Young TFSA investors should embrace volatility and seek to go against the grain with certain attractively valued growth stocks that have taken several steps back over the last two weeks.
While there remain pockets of severe overvaluation in this market that have yet to be corrected, there are also cheap growth names out there that are like babies that have been thrown out with the bathwater. Sure, growth and momentum stocks may have taken a backseat in recent weeks. Still, the following misunderstood stocks, I believe, are already trading at a nice discount to their intrinsic value range, despite being still relatively close to their all-time highs.
Young TFSA investors: Don’t miss out on these unstoppable market darlings
You don’t need to pay whatever pie-in-the-sky multiple that Mr. Market is asking for at any given instance to grow your TFSA wealth at an above-average rate over time. Whenever pullbacks strike, you’re given an opportunity to take advantage of a potentially short-lived mistake made by Mr. Market. Consider shares of Cargojet (TSX:CJT) and CP Rail (TSX:CP)(NYSE:CP), two momentum stocks that continue to outperform amid the pandemic.
Both transportation names, I believe, will continue exhibiting unstoppable momentum through 2020 and into mid-2021. They’ve both got a slate of profound tailwinds, their stocks are cheap relative to their respective growth profiles, and are must-buys if this broader market pullback worsens. Let’s have a closer look at each name to see which, if any, is worthy of buying or adding to your pullback shopping list.
Cargojet: An unstoppable growth stock for fearless young TFSA investors
Cargojet is a freight-carrying airline that’s continued to fly higher amid this pandemic, as the demand for its services has remained steady compared to the likes of its passenger-carrying peers that are currently under an unfathomable amount of stress.
Despite being a relatively small company, the firm has a wide moat in the form of its fleet of high-payout aircraft. Such a moat protects Cargojet’s abilities to rake in economic profits over the long haul. So, although the stock may seem expensive at these heights, I think it’d be foolish (that’s a lower-case f) to bet against the name, because it still has a ton of room to run, as the demand for e-commerce and overnight shipping continues surging through and out of this crisis.

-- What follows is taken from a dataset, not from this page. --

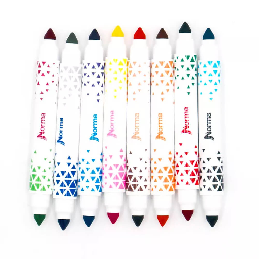 Los marcadores de doble punta Norma Etapa 1 son la herramienta perfecta para introducir a los más pequeños, mayores de 3 años, en el emocionante mundo del arte y la creatividad. Diseñados con especial atención a la seguridad y la estimulación de la imaginación, estos marcadores son ideales para los pequeños artistas en desarrollo. Cada marcador cuenta con dos puntas distintas en sus extremos, lo que les brinda a los niños la flexibilidad de realizar trazos finos y detallados con la punta cónica, así como colorear áreas más grandes y superficies con la otra punta. Además, la caja contiene una emocionante paleta de 16 colores brillantes, que despiertan la curiosidad y creatividad en los niños. Estos colores vibrantes permiten que sus creaciones cobren vida, animándolos a explorar y expresarse libremente.

Yes, Cargojet stock is expensive at 4.64 times sales and 6.8 times book value. Given the calibre of business you’re getting and the profound tailwinds the firm is riding on, though, I’d say the high price of admission is justifiable, especially if you lack a pandemic hedge.
CP Rail: All aboard the profit train!
The Canadian economy crumbled like a paper bag in the first half of the year. As Canada attempts to recover the ground lost in the second half and going into 2021, the railways are going to need to do a tonne of heavy lifting.
CP Rail stock recently hit a fresh all-time high amid an agreement with Maersk to build a “world-class” transload and distribution facility. The facility is said to benefit customers in North America while being environmentally friendly. The agreement, I believe, makes an already powerful long-term growth story that much stronger.
Now, CP Rail isn’t immune from the COVID-19 impact, but compared to most other businesses out there, CP Rail is demonstrating tremendous resilience. Regardless of what happens next with this crisis, CP Rail is likely to continue flexing its margin muscles. Still, at nearly seven times sales, investors may wish to wait for a near-term pullback before initiating a position if they’ve yet to do so already.